◆ **Data items**
########

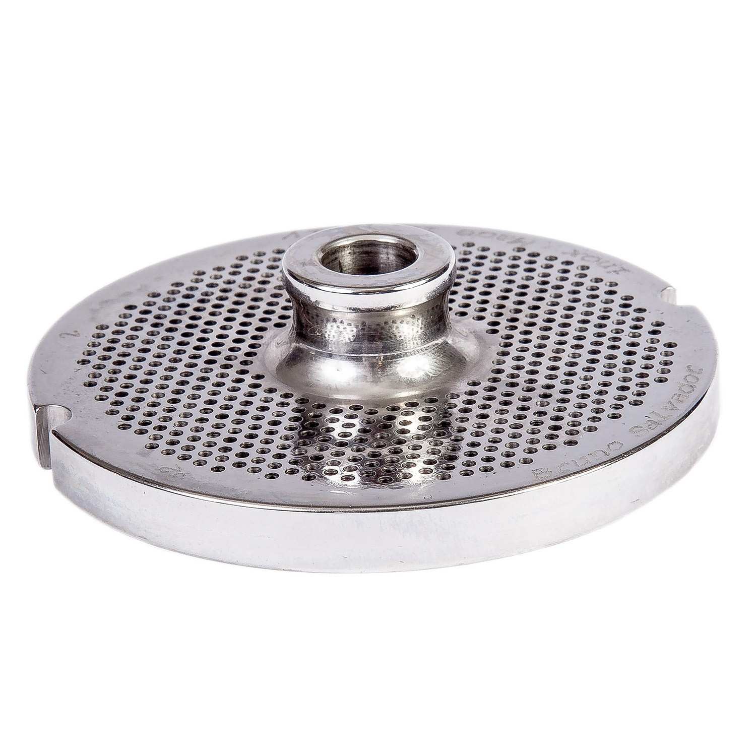 Piastra inox foro 2mm T32. Piastra e coltello tritacarne inox autoaffilante. L'acciaio inox speciale, il tipo di affilatura, di finitura e il perfetto adattamento tra il coltello e la piastra: sono le qualità che consentono al tritacarne di tagliare autoaffilandosi senza continue operazioni di affilatura degli elementi.
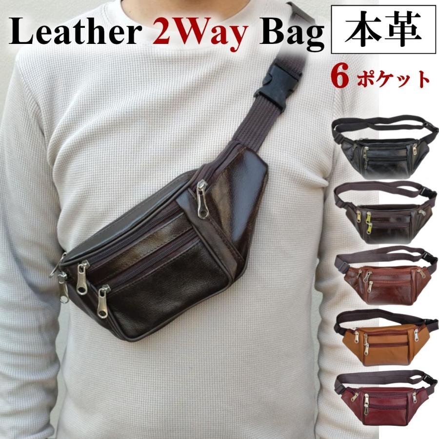 - ボディバッグ メンズ 本革 革 小さめ レザー 大容量 ウエストポーチ ウエストバッグ 牛革 本皮 斜めがけ バッグ 茶色
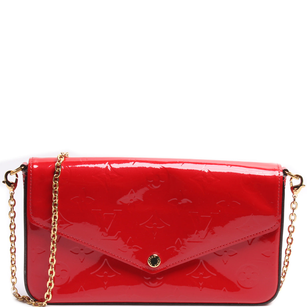 This pre-owned Louis Vuitton Pochette Felicie is guaranteed 100% authentic. The exterior is in the classic Louis Vuitton Vernis leather.
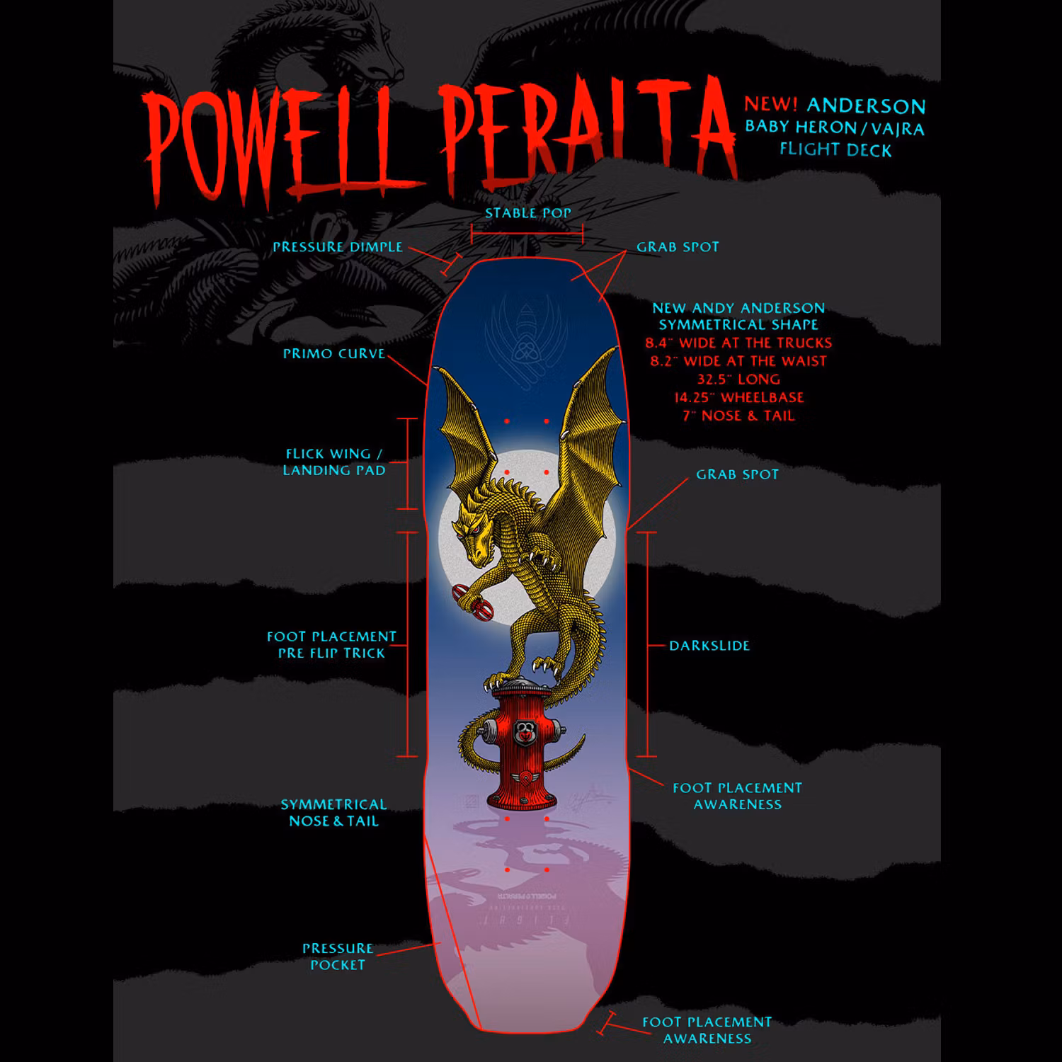 Powell•Peralta is proud to introduce Andy Anderson's new Baby Heron, Vajra Deck, the culmination of over a decade of evolutionary performance-driven design modifications, making this new all-terrain deck easier to ride, flip, and pop than standard “popsicle” designs, which haven't changed in thirty years. Andy focused on making every aspect of his skateboard functional, easy to ride and designed to wear into every skater’s performance-enhancing personal shape.
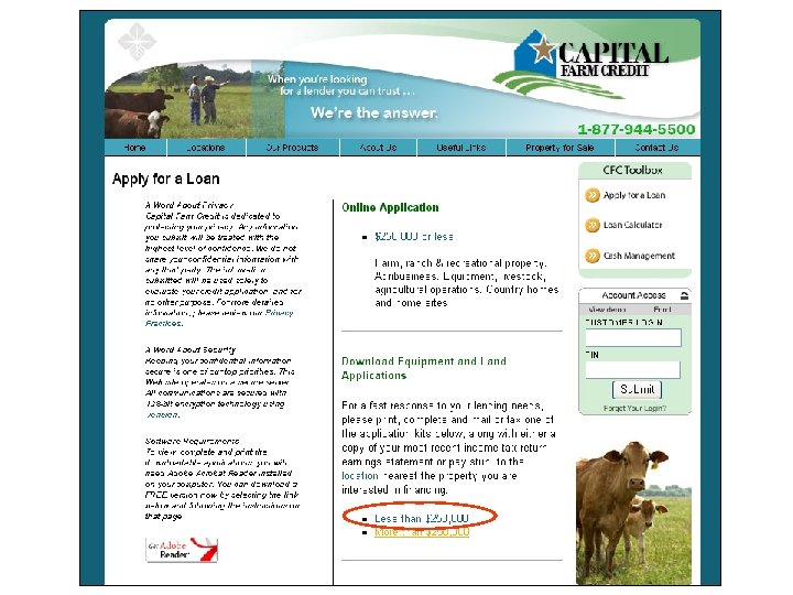 You can apply electronically for various types of loans from the Capital Farm Credit Association.
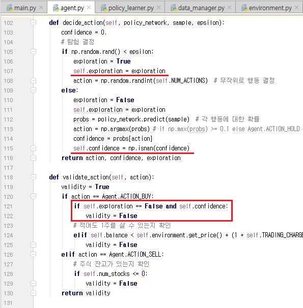 그리고 나서 agent.py로 가서, 아무런 결정이 나지 않았는데, 묻지마 매수를 하였는 행동을 하지 못하도록 만들어 주도록 합니다.
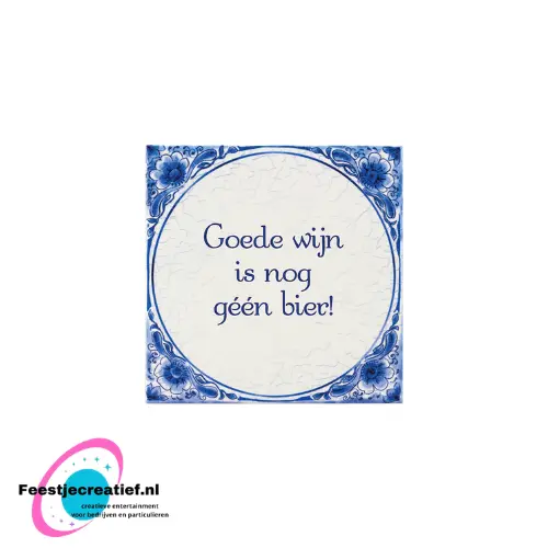 Breng een humoristische touch aan je interieur met ons unieke Delfts blauw tegeltje ‘Goede Wijn is Nog Geen Bier!’. Dit authentieke Nederlandse tegeltje is met zorg vervaardigd en weerspiegelt de iconische charme van Delfts blauw aardewerk.
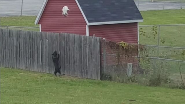 猫を除外すべき侵入者だと判断した黒犬が一直線に駆けていくと、即座に逃げ出す白猫。
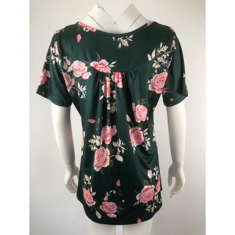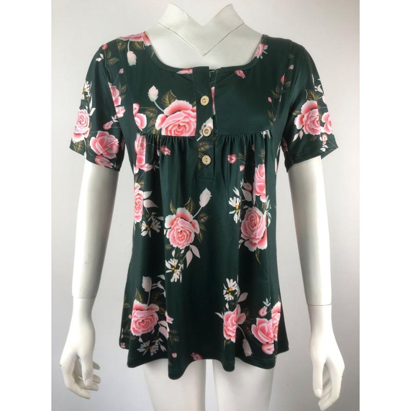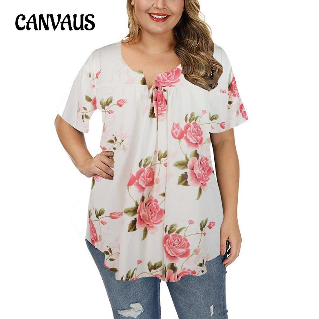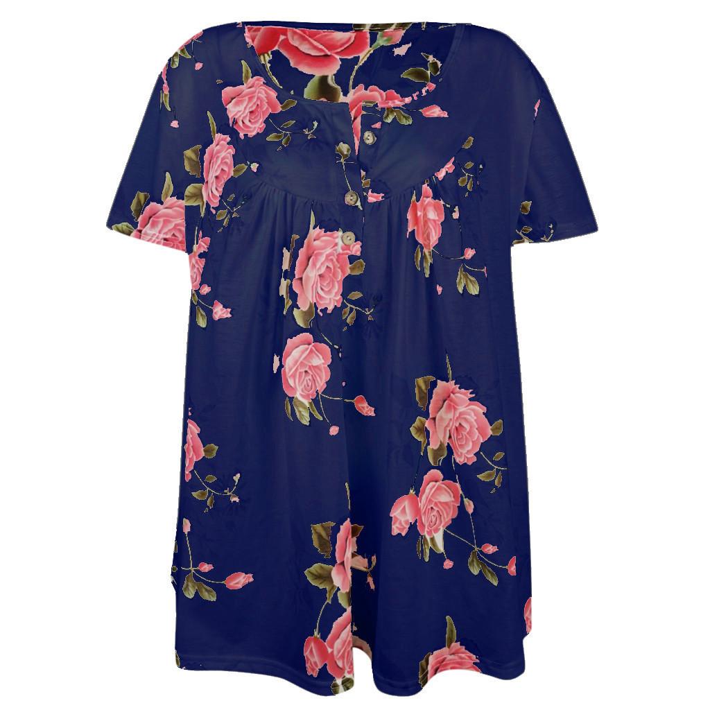Летняя женская футболка с короткими рукавами и v-образным вырезом на пуговицах плюс размер футболка с принтом
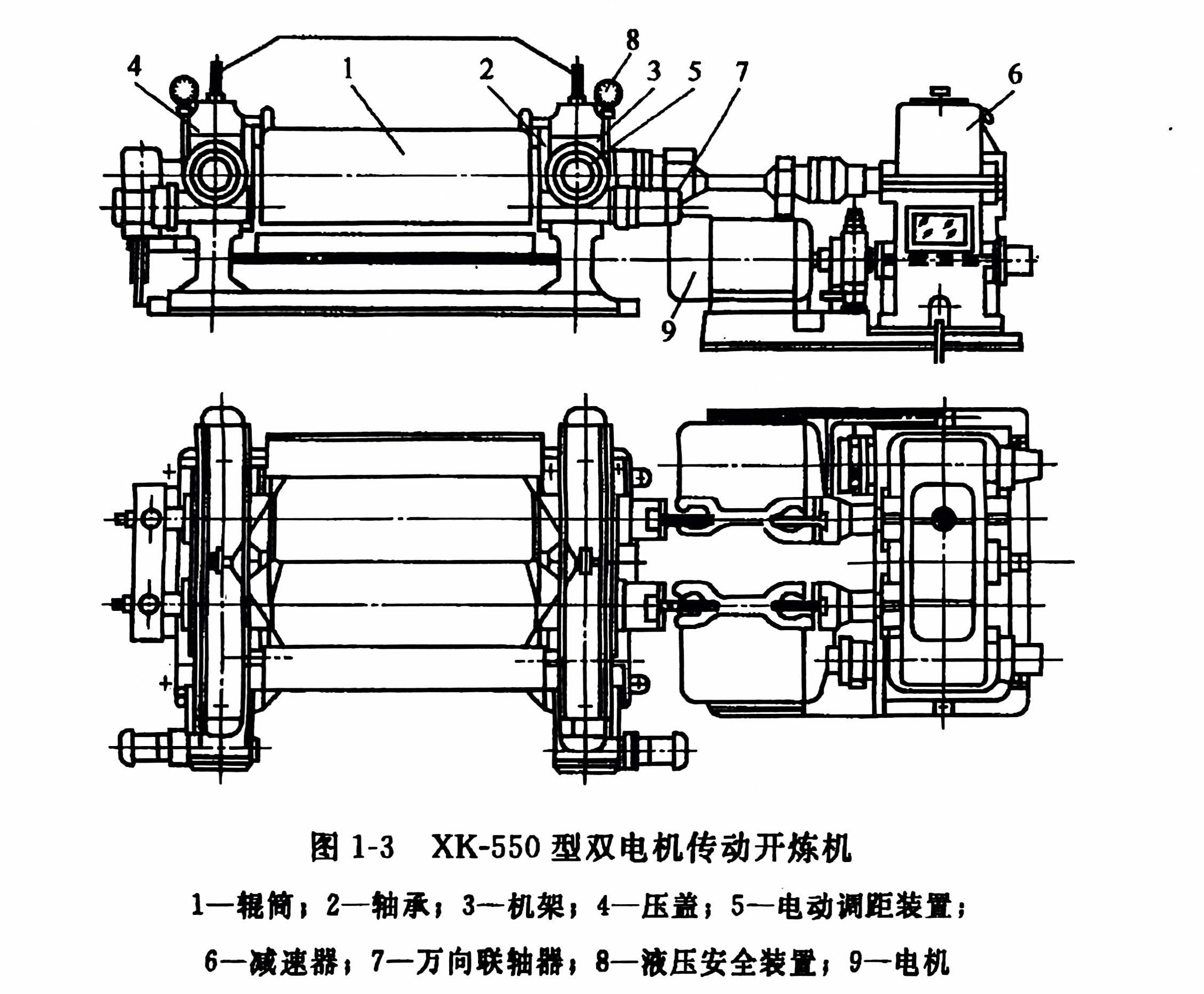 双电机传动开炼机 如图1-3所示,这是一台规格为XK-550的这种结构形式的开炼机还装有电动调距装置5和液压安全装置8。辊筒轴承2采用大型自动调心滚子轴承或滑动轴承。特点是取消了速比齿轮和大小驱动齿轮。采用圆弧齿轮减速器寿命长,结构紧凑,效率高,维护方便。缺点是制造费时,成本高。

########

◆ **Exercise brief**
What is wanted is a verbatim transcription of every record above, pictures excluded.

◆ **Final answer**
 Piastra inox foro 2mm T32. Piastra e coltello tritacarne inox autoaffilante. L'acciaio inox speciale, il tipo di affilatura, di finitura e il perfetto adattamento tra il coltello e la piastra: sono le qualità che consentono al tritacarne di tagliare autoaffilandosi senza continue operazioni di affilatura degli elementi.
 - ボディバッグ メンズ 本革 革 小さめ レザー 大容量 ウエストポーチ ウエストバッグ 牛革 本皮 斜めがけ バッグ 茶色
 This pre-owned Louis Vuitton Pochette Felicie is guaranteed 100% authentic. The exterior is in the classic Louis Vuitton Vernis leather.
 Powell•Peralta is proud to introduce Andy Anderson's new Baby Heron, Vajra Deck, the culmination of over a decade of evolutionary performance-driven design modifications, making this new all-terrain deck easier to ride, flip, and pop than standard “popsicle” designs, which haven't changed in thirty years. Andy focused on making every aspect of his skateboard functional, easy to ride and designed to wear into every skater’s performance-enhancing personal shape.
 You can apply electronically for various types of loans from the Capital Farm Credit Association.
 그리고 나서 agent.py로 가서, 아무런 결정이 나지 않았는데, 묻지마 매수를 하였는 행동을 하지 못하도록 만들어 주도록 합니다.
 Breng een humoristische touch aan je interieur met ons unieke Delfts blauw tegeltje ‘Goede Wijn is Nog Geen Bier!’. Dit authentieke Nederlandse tegeltje is met zorg vervaardigd en weerspiegelt de iconische charme van Delfts blauw aardewerk.
 猫を除外すべき侵入者だと判断した黒犬が一直線に駆けていくと、即座に逃げ出す白猫。
Летняя женская футболка с короткими рукавами и v-образным вырезом на пуговицах плюс размер футболка с принтом
 双电机传动开炼机 如图1-3所示,这是一台规格为XK-550的这种结构形式的开炼机还装有电动调距装置5和液压安全装置8。辊筒轴承2采用大型自动调心滚子轴承或滑动轴承。特点是取消了速比齿轮和大小驱动齿轮。采用圆弧齿轮减速器寿命长,结构紧凑,效率高,维护方便。缺点是制造费时,成本高。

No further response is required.